The initial popularity of new slate-type tablets such as the iPad has created a lot of buzz, with some going so far as to predict the end of the traditional PC as we know it. As with many things new, this wave of optimism and expectation of fundamental change is expected and normal. However, the reality is that few new products - unless they create brand-new markets - have the power to truly sweep aside what has gone before.
With this in mind, we recently conducted a survey, called Mobile Computing Checkpoint, into the future of mobile computing in the enterprise. What emerged is that the PC is here to stay, despite predictions of its imminent demise.
There has been a marked shift to laptops from desktops, with increasing performance and decreasing size and prices. For many companies it makes sense to provide laptops to users even if they have a low need for mobility.
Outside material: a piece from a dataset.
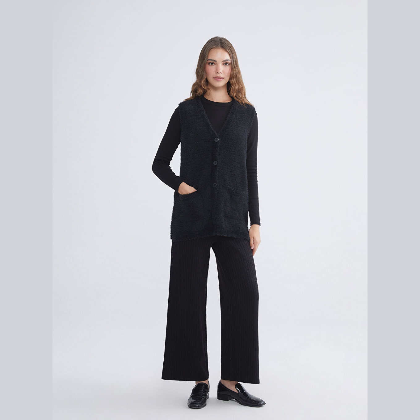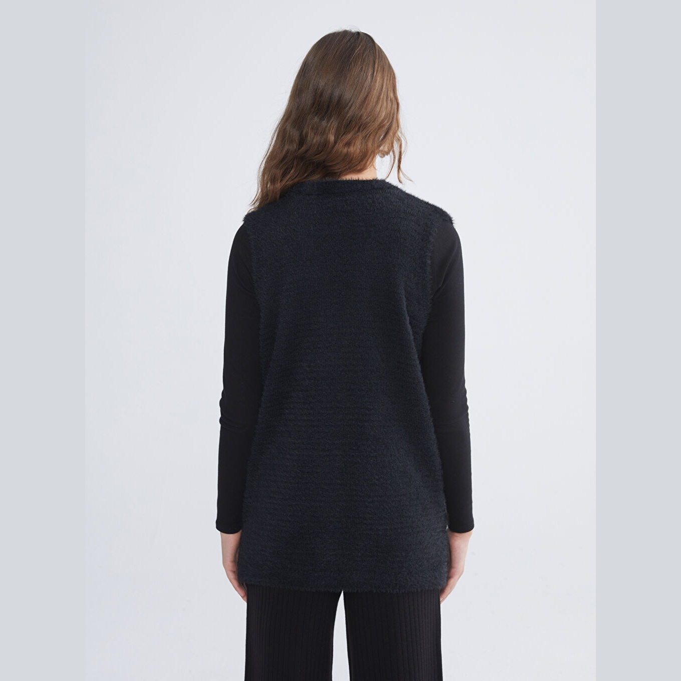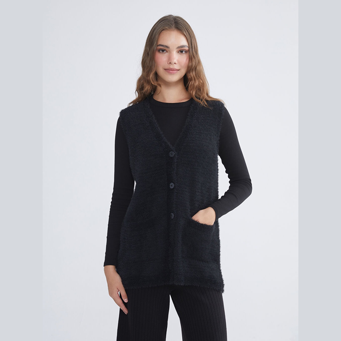 فيست شتوي بلون أسود من مجموعة LCW Grace Büyük Beden، تصميم بياقة V أنيقة تضيف لمسة أنثوية، قصة قياسية (Standart & Regular) تمنحك مظهرًا متوازنًا، خامة بيلوش ناعمة مصنوعة من مزيج %77 بوليستر و%23 أكريليك، بدون أكمام، بسماكة عالية، بطول يصل إلى الورك (Basen Boy)، مزوّد بأزرار أمامية (Düğmeli)، مثالي للإطلالات اليومية أو العملية في الشتاء ضمن تنسيقات الحجاب أو المقاسات الكبيرة.

Laptops will be accompanied by smartphones
Our survey revealed that in most companies laptops will be accompanied by the smartphone. But the laptop will remain an essential element, and getting all the parts working together will be where the true value lies.
The tablet will primarily be a ‘nice to have'. Of course, there will be markets where tablets are the preferred choice, particularly in verticals such as field service, logistics and healthcare - but the tablet is unlikely to drive the bulk of mobile projects for some time.
Mobile solutions focusing only on the smartphone and tablet, therefore, will fall short of the requirements of the mobility mainstream. And investing in tablet support early may be counterproductive because the IT landscape changes so quickly - although more workers are using their own kit for work and consumerisation may force support earlier than you think.
This fact that consumerisation is often led by senior management makes it difficult to resist. Support must for this must improve, however painful this might be. This raises other concerns, such as how to manage the security of company information on personal devices outside the control of IT.
A major challenge is what to do about lost devices or when an employee leaves. Wiping a personal device completely may lead to the loss of personal settings and information. We have heard of users not reporting lost devices because they fear the loss of their data. This widens the window of opportunity for serious information breaches. Separating business and personal information and managing them independently may help.
A mobility strategy may well take the approach of supporting a core subset of devices -- rather than everything on offer -- to limit the overall complexity. Some devices may be better suited to business because they have more comprehensive management and security features.
Being able to better manage both laptops and smartphones in a consistent and automated way will be key to adding value to a mobile solution.
This is perhaps easier said than done. While laptops are quite mature and management tools have good functionality, smartphones and tablets are emerging almost weekly with new platforms, operating systems and capabilities. PC management tools are often way behind, too, requiring specialist tools from other vendors that add to the complexity.
Our survey also confirmed that it is not really about faster processors and better displays. What's really needed is more of a focus on device-side security, manageability and battery life.
So this is an opportunity to bring integration skills to the problem, helping companies develop a mobility strategy, creating a platform to help manage the merging of traditional and new.